DIRECTIONS - Retype the records below exactly as given, but only from the first line through the line with "Figure 2. Flow", and without the pictures.

INFORMATION PROVIDED -
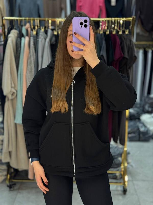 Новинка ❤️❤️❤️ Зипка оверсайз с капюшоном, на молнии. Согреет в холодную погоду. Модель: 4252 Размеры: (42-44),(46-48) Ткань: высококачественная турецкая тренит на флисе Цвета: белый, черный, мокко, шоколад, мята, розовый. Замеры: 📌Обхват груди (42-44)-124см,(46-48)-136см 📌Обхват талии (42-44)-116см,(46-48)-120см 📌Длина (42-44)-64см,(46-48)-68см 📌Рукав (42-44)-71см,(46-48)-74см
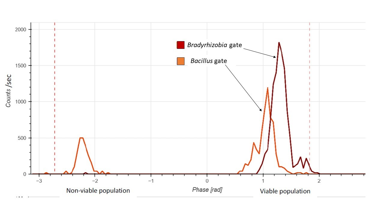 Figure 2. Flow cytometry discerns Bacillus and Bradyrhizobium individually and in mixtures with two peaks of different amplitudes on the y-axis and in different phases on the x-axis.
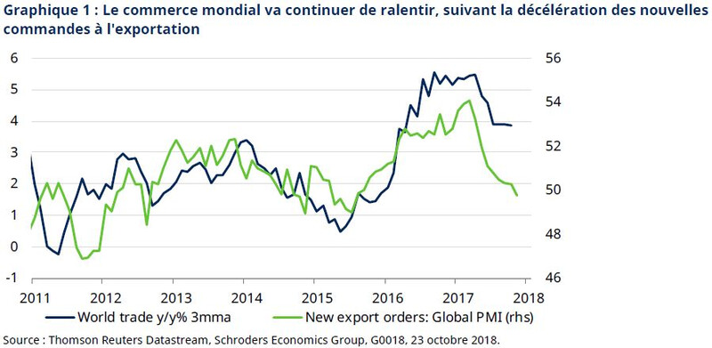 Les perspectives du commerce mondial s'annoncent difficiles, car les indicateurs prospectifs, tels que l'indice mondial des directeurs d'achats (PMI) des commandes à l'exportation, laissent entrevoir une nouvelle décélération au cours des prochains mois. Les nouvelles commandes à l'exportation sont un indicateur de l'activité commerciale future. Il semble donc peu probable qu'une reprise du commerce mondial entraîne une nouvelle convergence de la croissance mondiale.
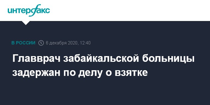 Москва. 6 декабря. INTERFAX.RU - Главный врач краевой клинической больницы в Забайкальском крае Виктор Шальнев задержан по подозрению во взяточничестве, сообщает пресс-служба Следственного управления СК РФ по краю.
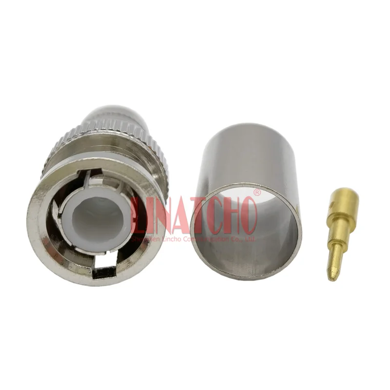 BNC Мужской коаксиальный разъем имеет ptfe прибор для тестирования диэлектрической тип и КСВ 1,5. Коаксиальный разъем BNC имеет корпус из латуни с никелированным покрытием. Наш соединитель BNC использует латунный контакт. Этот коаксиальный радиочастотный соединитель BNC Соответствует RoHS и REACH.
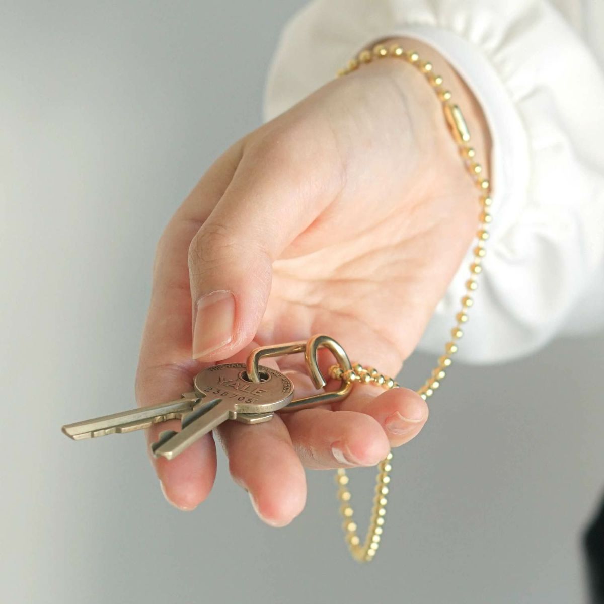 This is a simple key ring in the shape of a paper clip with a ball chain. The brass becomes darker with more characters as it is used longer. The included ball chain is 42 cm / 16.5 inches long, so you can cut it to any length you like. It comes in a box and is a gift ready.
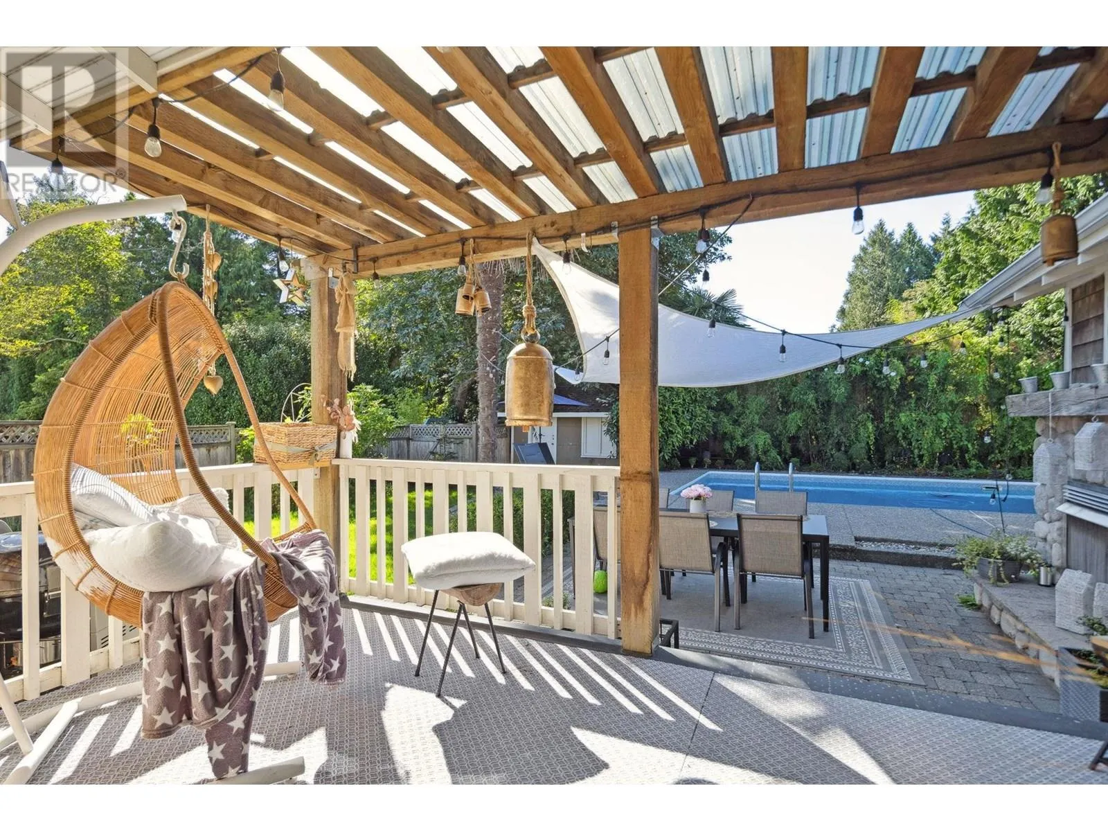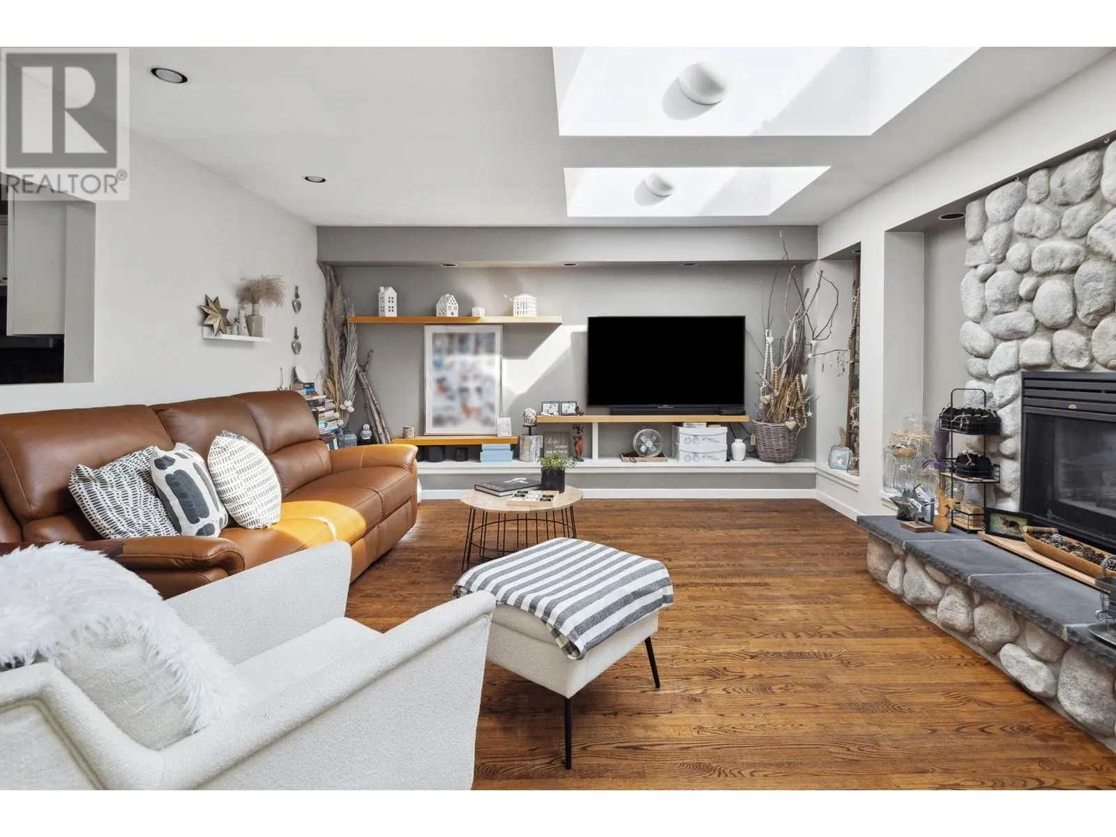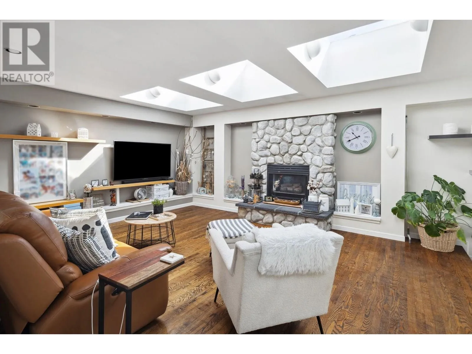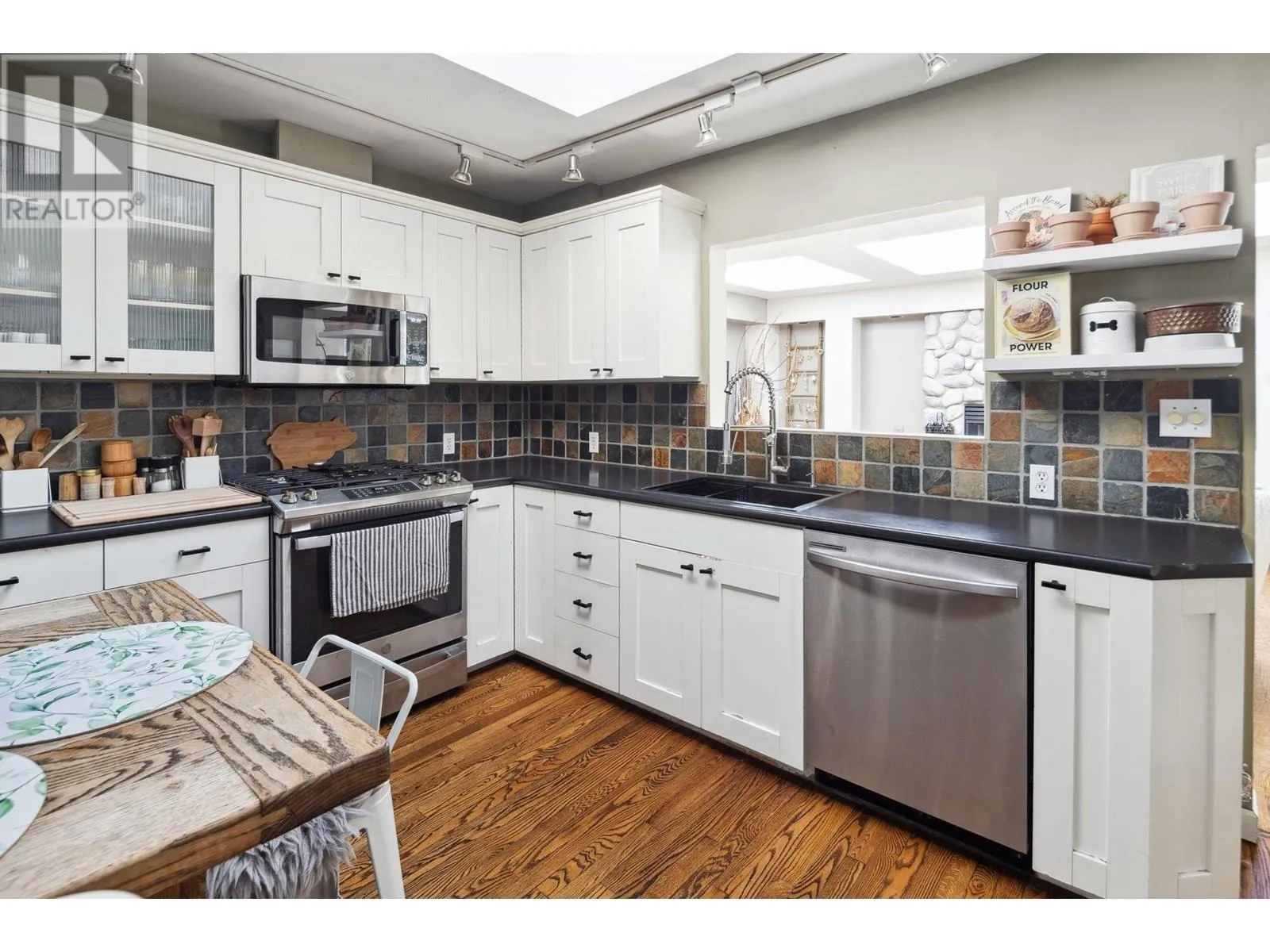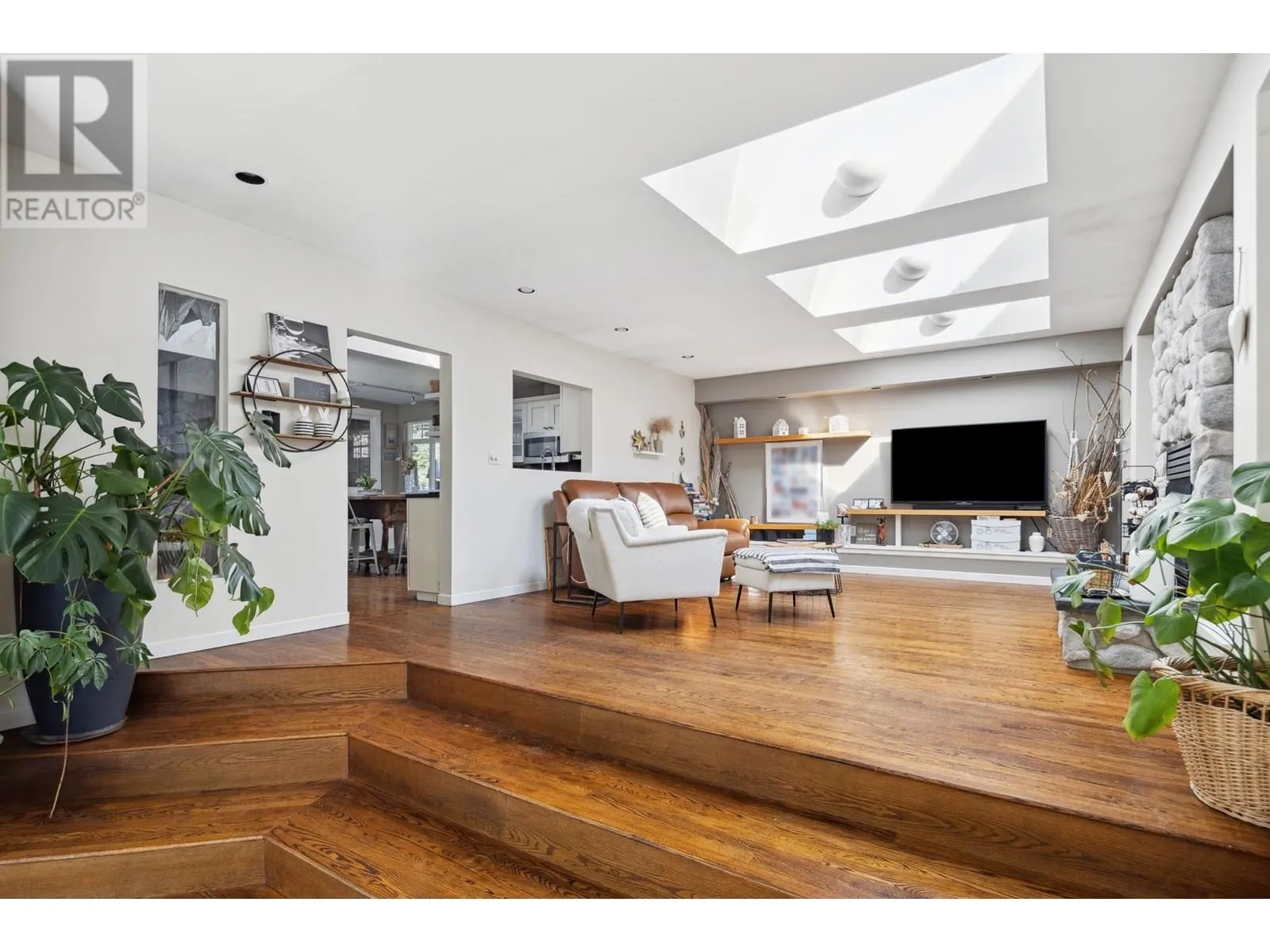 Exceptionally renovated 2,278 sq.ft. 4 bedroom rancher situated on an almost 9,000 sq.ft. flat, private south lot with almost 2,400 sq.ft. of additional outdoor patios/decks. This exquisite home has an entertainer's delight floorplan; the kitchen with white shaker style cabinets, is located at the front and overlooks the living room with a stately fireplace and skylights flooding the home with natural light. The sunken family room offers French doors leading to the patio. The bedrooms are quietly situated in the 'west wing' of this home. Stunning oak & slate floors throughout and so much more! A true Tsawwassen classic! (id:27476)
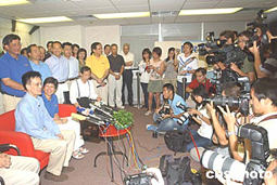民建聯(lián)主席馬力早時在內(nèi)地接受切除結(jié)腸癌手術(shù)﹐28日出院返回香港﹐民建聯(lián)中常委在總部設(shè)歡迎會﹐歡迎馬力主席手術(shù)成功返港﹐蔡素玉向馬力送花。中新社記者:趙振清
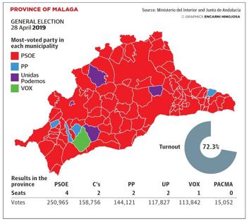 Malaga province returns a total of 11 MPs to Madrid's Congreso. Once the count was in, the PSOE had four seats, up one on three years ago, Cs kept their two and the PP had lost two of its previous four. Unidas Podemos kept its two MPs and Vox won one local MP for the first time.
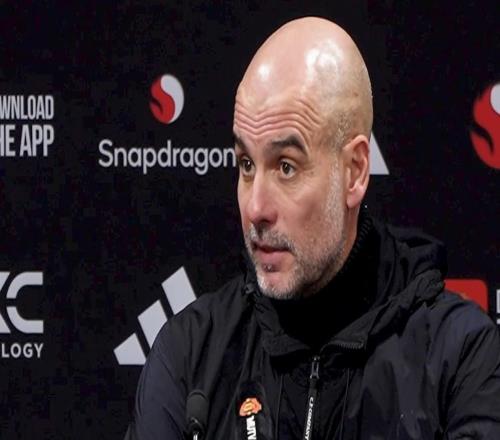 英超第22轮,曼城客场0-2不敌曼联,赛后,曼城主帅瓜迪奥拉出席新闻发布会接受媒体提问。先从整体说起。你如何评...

TASK SOLUTION -
 Новинка ❤️❤️❤️ Зипка оверсайз с капюшоном, на молнии. Согреет в холодную погоду. Модель: 4252 Размеры: (42-44),(46-48) Ткань: высококачественная турецкая тренит на флисе Цвета: белый, черный, мокко, шоколад, мята, розовый. Замеры: 📌Обхват груди (42-44)-124см,(46-48)-136см 📌Обхват талии (42-44)-116см,(46-48)-120см 📌Длина (42-44)-64см,(46-48)-68см 📌Рукав (42-44)-71см,(46-48)-74см
 Figure 2. Flow cytometry discerns Bacillus and Bradyrhizobium individually and in mixtures with two peaks of different amplitudes on the y-axis and in different phases on the x-axis.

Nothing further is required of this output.